William_S comments on Can corrigibility be learned safely?

William_S 4 Apr 2018 15:45 UTC
LW: 9 AF: 5
0
AF
Among people I’ve had significant online discussions with, your writings on alignment tend to be the hardest to understand and easiest to misunderstand.
Additionally, I think that there are ways to misunderstand the IDA approach that leave out significant parts of the complexity (ie. IDA based off of humans thinking for a day with unrestricted input, without doing the hard work of trying to understand corrigibility and meta-philosophy beforehand), but can seem to be plausible things to talk about in terms of “solving the AI alignment problem” if one hasn’t understood the more subtle problems that would occur. It’s then easy to miss the problems and feel optimistic about IDA working while underestimating the amount of hard philosophical work that needs to be done, or to incorrectly attack the approach for missing the problems completely.
(I think that these simpler versions of IDA might be worth thinking about as a plausible fallback plan if no other alignment approach is ready in time, but only if they are restricted in terms of accomplishing specific tasks to stabilise the world, restricted in how far the amplification is taking, replaced with something better as soon as possible, etc. I also think that working on simple versions of IDA can help make progress on issues that would be required for fully scalable IDA, ie. the experiments that Ought is running.).

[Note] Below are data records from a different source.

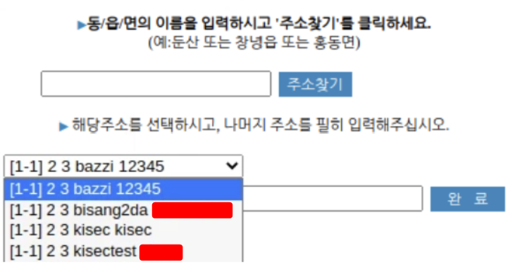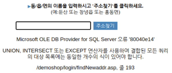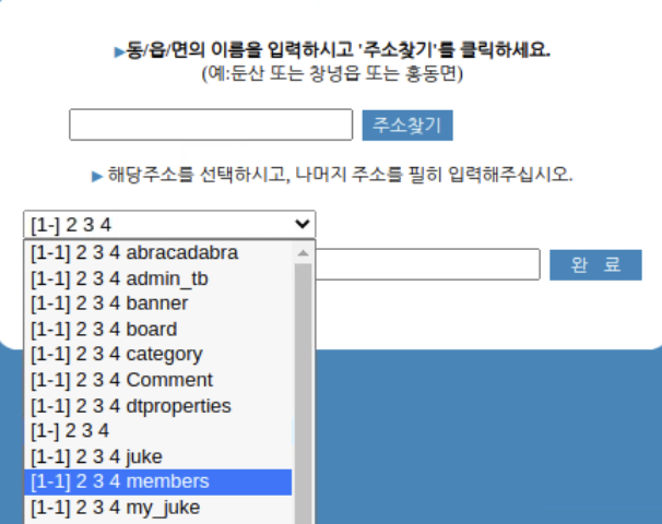 Error-Based 실습 때 사용한 홈페이지에서 회원가입 > 주소 찾기 창에서 실습을 진행한다.
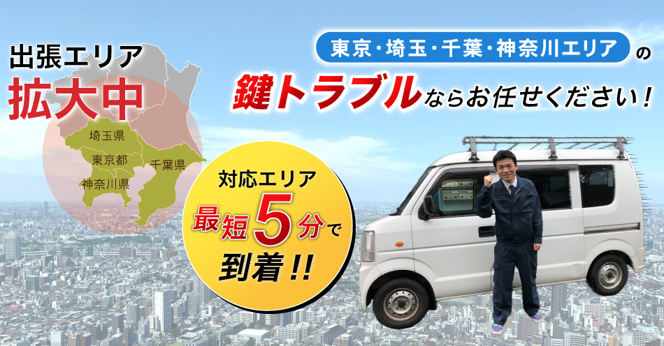 東京、神奈川、千葉、埼玉エリアに錠前技師を配置し、いつでもお客様のもとへ最短で向かえるようにしています。
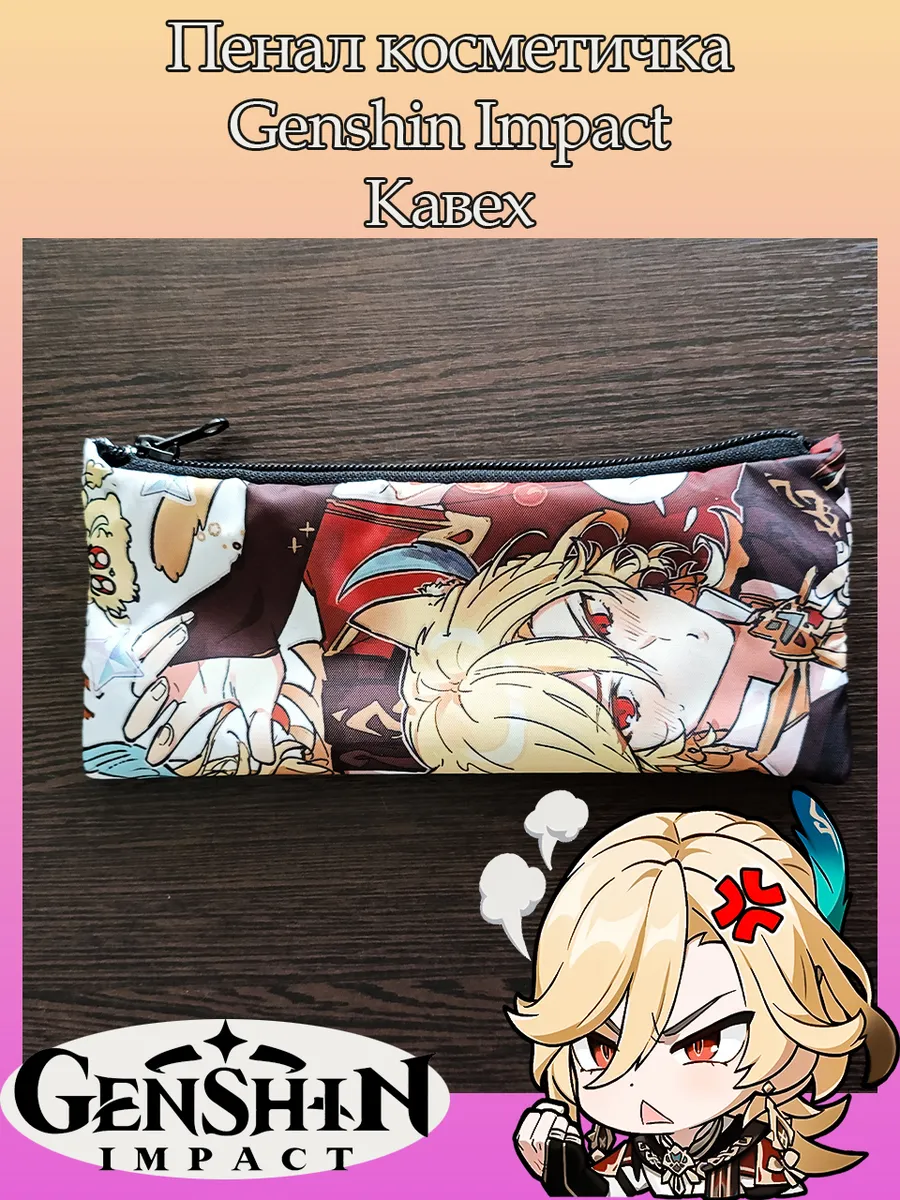 Пенал школьный с большой молнией и с одним вместительным отделением. Изображение из игры Геншин Импакт (Genshin Impact). Принт яркий и четкий, устойчивый к выцветанию и стирке.
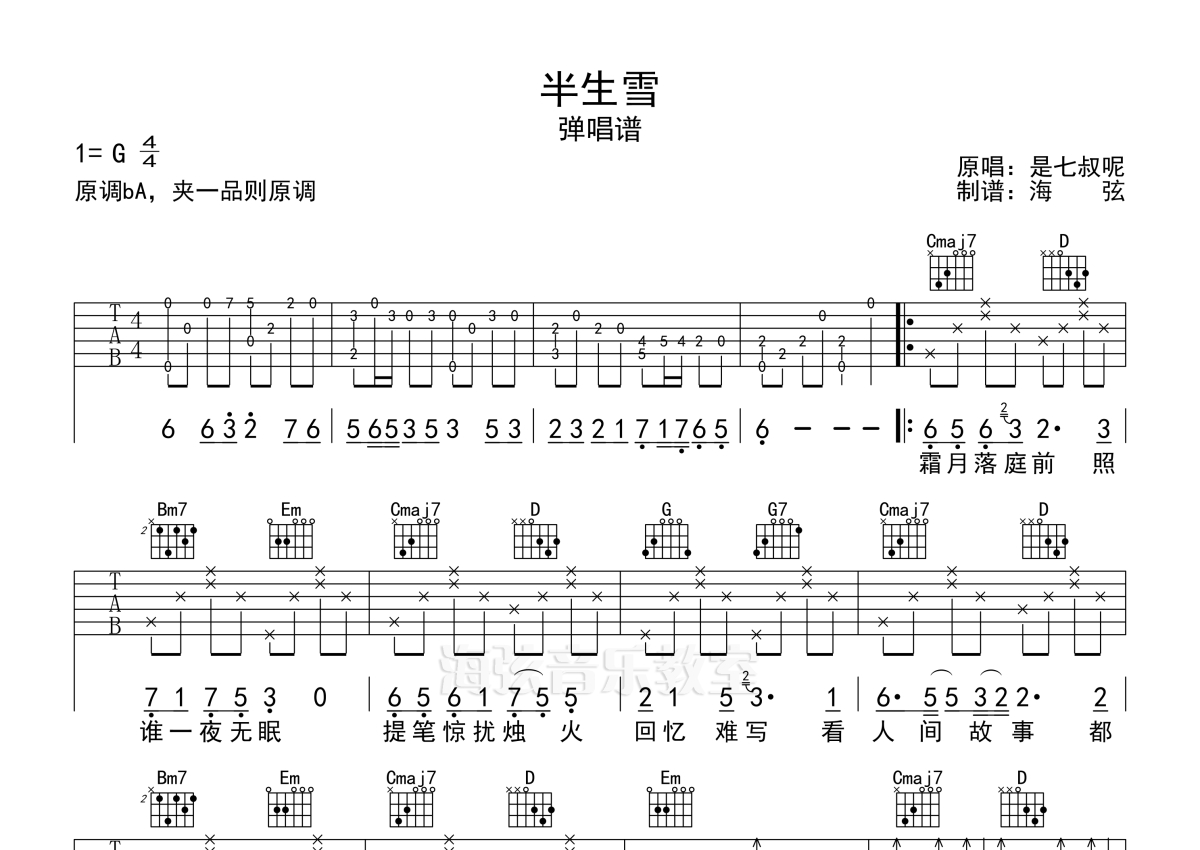 《半生雪》是是七叔呢演唱的一首歌曲,拍号为4/4拍,歌曲原调为Ab调,但由于原调指法比较难,为了方便弹奏,本吉他谱采用的是G调指法编配,变调夹1品弹奏即为原调,当然也可以根据自己的音域改变变调夹位置,或者通过改变和弦调性,以方便自己弹奏,这份吉他谱共有两张高清图谱,图谱由 @海弦 编配上传,图谱使用六线谱编配,包含吉他和弦指法、简谱以及歌词部分,使用这份半生雪吉他谱,可以让你更加方便地掌握这首歌曲的弹唱技巧,快来尝试吧。
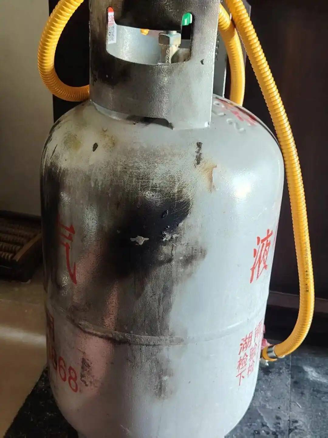 周女士说,洗衣机旁边就是液化气罐,是前天被放在那里准备做饭,周女士向记者发来了图片,液化气罐的外表已经被熏黑,事后液化气罐也被抬走了。
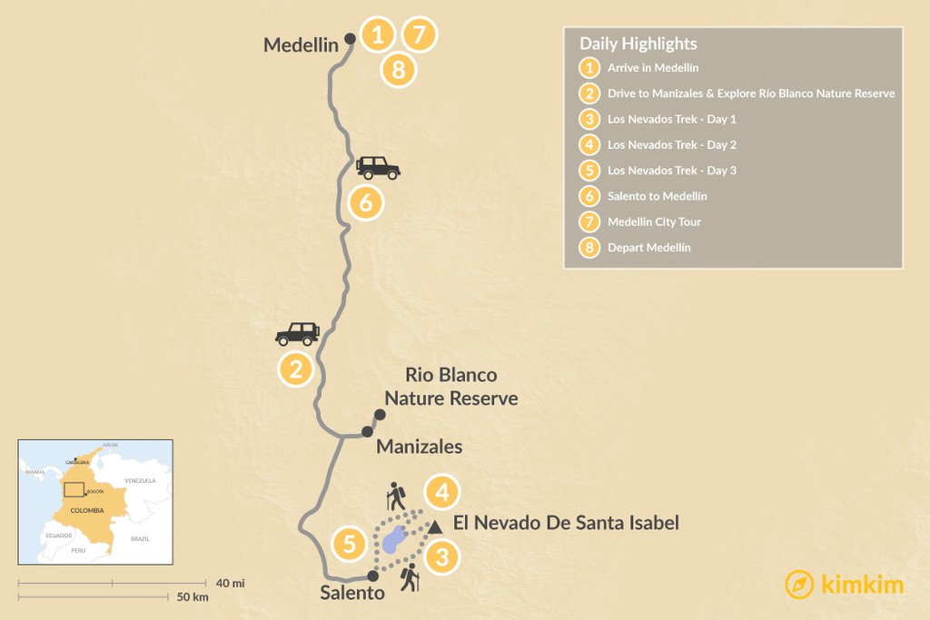 Map of Colombia Outdoor Adventure: Medellín & Los Nevados Trek – 8 Days
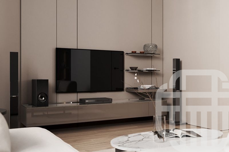 电视采用悬挂式安装方式,背景也有暗格,可以收纳物品,最大的限度的空间利用。

- Wei Dai 5 Apr 2018 6:53 UTC
  LW: 9 AF: 4
  0
  AF Parent
  
  Additionally, I think that there are ways to misunderstand the IDA approach that leave out significant parts of the complexity (ie. IDA based off of humans thinking for a day with unrestricted input, without doing the hard work of trying to understand corrigibility and meta-philosophy beforehand)
  
  I guess this is in part because that’s how Paul initially described his approach, before coming up with Security Amplification in October 2016. For example in March 2016 I wrote “First, I’m assuming it’s reasonable to think of A1 as a human upload that is limited to one day of subjective time, by the end of which it must have written down any thoughts it wants to save, and be reset. Let me know if this is wrong.” and Paul didn’t object to this in his reply.
  
  An additional issue is that even people who intellectually understand the new model might still have intuitions left over from the old one. For example I’m just now realizing that the low-amplification agents in the new scheme must have thought processes and “deliberations” that are very alien, since they don’t have human priors, natural language understanding, values, common sense judgment, etc. I wish Paul had written a post in big letters that said, “WARNING: Throw out all your old intuitions!”